11. Process for the preparation of ethano-terpene solvent according to claims 1 to 10, characterized in that the step of decolorizing the colored extract is a step of evaporation under vacuum at a temperature less than or equal to 90°C and a pressure between 0 and 900 bar.

12. Ethano-terpene solvent according to claim 1, characterized in that it is selective and its selectivity is a function of the degree of polarity of its terpene composition, which is modified and selected for each molecule to be extracted and / or solubilized.

13. Ethano-terpene solvent according to claims 1 and 12, characterized in that its composition in terpenes and phenolic compounds gives it antioxidant, biological and aromatic properties.

14. Use of the ethano-terpene solvent according to claims 1 and 12, for the solubilization of lutein, with a solubility of 8.2 mg / mL compared to that in tetrahydrofuran of 8.1 mg / mL.

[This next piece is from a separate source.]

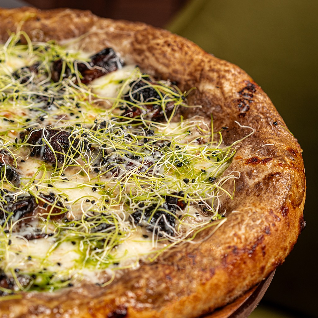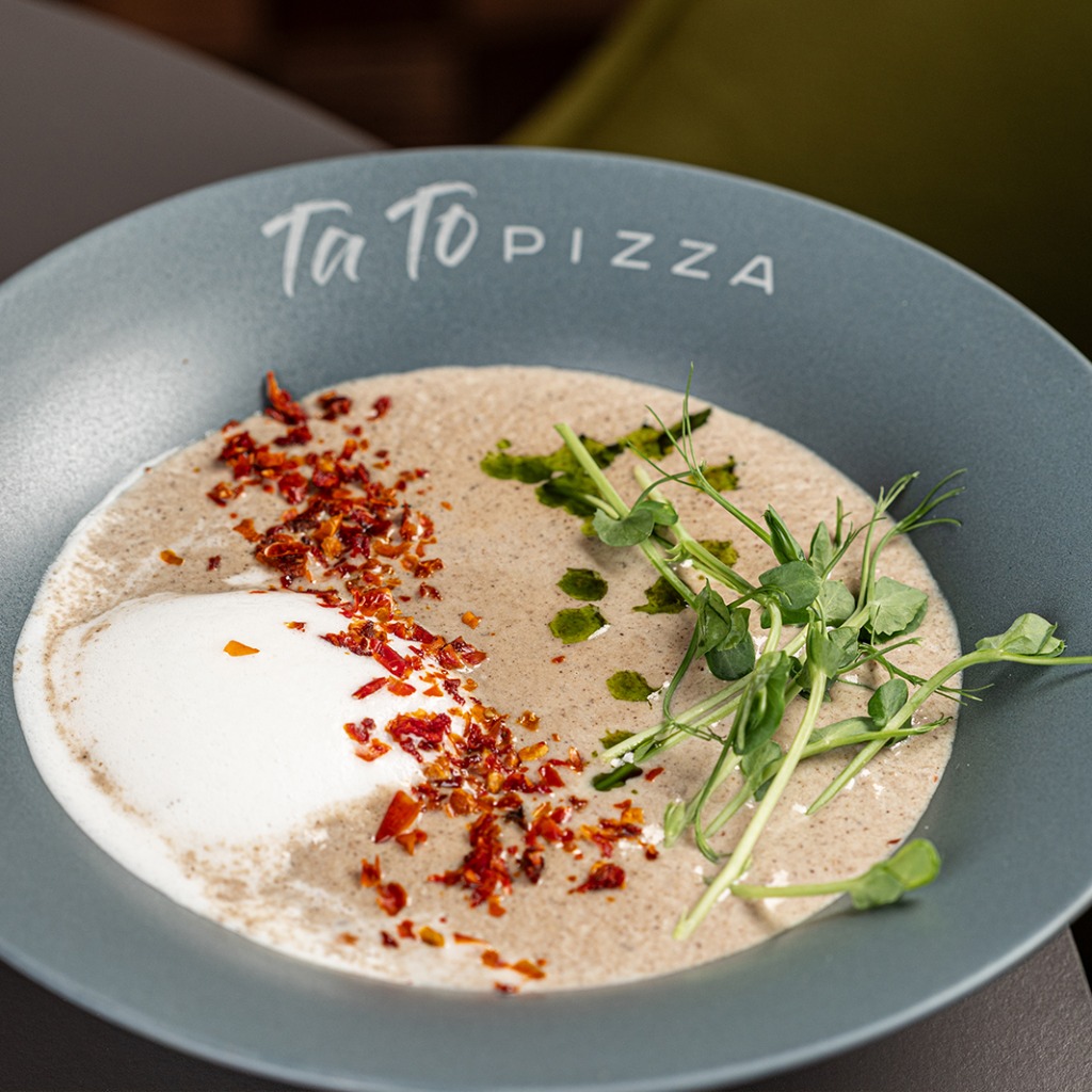 вершково-грибна основа, крафтова моцарела, бекон, мікс грибів, часникова олія560 г

15. Use of the ethano-terpene solvent according to claims 1 and 12, for the solubilization of ascorbic acid, with a solubility of 328.12 mg / mL compared to that in water of 328.5 mg / mL.

16. Use of the ethano-terpene solvent according to claims 1 and 12, for the solubilization of curcumin, with a solubility of 12.6 mg / mL compared to that in DMSO of 11 mg / mL.

17. Use of the ethano-terpene solvent according to claims 1 and 12, for the solubilization of caffeine, with a solubility of 180.74 mg / mL compared to that in chloroform of 181.02 mg / mL.

18. Use of the ethano-terpene solvent according to claims 1, 12 and 13, in the processes of extraction and / or solubilization of plant and / or animal biological materials and / or prokaryotes, in the synthesis and formulation in the food, pharmaceutical, cosmetic, chemical, perfume and fuel industries, as well as in cleaning and disinfection processes.